Re: POC, WIP: OR-clause support for indexes

From: Peter Geoghegan <pg(at)bowt(dot)ie>
To: Alena Rybakina <lena(dot)ribackina(at)yandex(dot)ru>
Cc: "Finnerty, Jim" <jfinnert(at)amazon(dot)com>, Marcos Pegoraro <marcos(at)f10(dot)com(dot)br>, Alena Rybakina <a(dot)rybakina(at)postgrespro(dot)ru>, Andrey Lepikhov <a(dot)lepikhov(at)postgrespro(dot)ru>, pgsql-hackers(at)postgresql(dot)org, teodor(at)sigaev(dot)ru, Ranier Vilela <ranier(dot)vf(at)gmail(dot)com>, Tomas Vondra <tomas(dot)vondra(at)enterprisedb(dot)com>
Subject: Re: POC, WIP: OR-clause support for indexes
Date: 2023-08-02 18:58:11
Message-ID: CAH2-WzmG-+vvN6YEh4J_j3-Q1Yn=HRrjDrz2HDhttPcLVqN0rw@mail.gmail.com
Views: Raw Message | Whole Thread | Download mbox | Resend email
Thread:
Lists: pgsql-hackers

On Wed, Aug 2, 2023 at 8:58 AM Alena Rybakina <lena(dot)ribackina(at)yandex(dot)ru> wrote:
> No, I haven't thought about it yet. I studied the example and it would
> really be nice to add optimization here. I didn't notice any problems
> with its implementation. I also have an obvious example with the "or"
> operator, for example
> , select * from multi_test, where (a, b ) = ( 1, 1 ) or (a, b ) = ( 2, 1
> ) ...;
>
> Although I think such a case will be used less often.

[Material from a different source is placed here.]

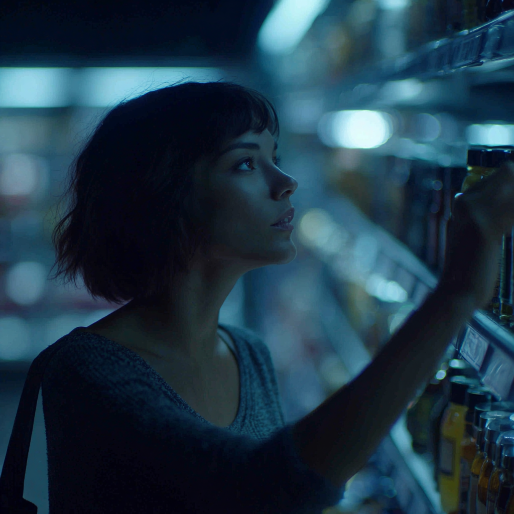 商品棚の前で商品を選ぶ女性の横顔と意思決定の瞬間

Right. As I said, I don't particularly care about the row constructor
syntax -- it's not essential.

In my experience patches like this one that ultimately don't succeed
usually *don't* have specific problems that cannot be fixed. The real
problem tends to be ambiguity about the general high level design. So
more than anything else, ambiguity is the thing that you need to
minimize to be successful here. This is the #1 practical problem, by
far. This may be the only thing about your patch that I feel 100% sure
of.

In my experience it can actually be easier to expand the scope of a
project, and to come up with a more general solution:

https://en.wikipedia.org/wiki/Inventor%27s_paradox

I'm not trying to make your work more difficult by expanding its
scope. I'm actually trying to make your work *easier* by expanding its
scope. I don't claim to know what the specific scope of your patch
should be at all. Just that it might be possible to get a much clearer
picture of what the ideal scope really is by *trying* to generalize it
further -- that understanding is what we lack right now. Even if this
exercise fails in some way, it won't really have been a failure. The
reasons why it fails will still be interesting and practically
relevant.

> It seems to me the most difficult thing is to notice problematic cases
> where the transformations are incorrect, but I think it can be implemented.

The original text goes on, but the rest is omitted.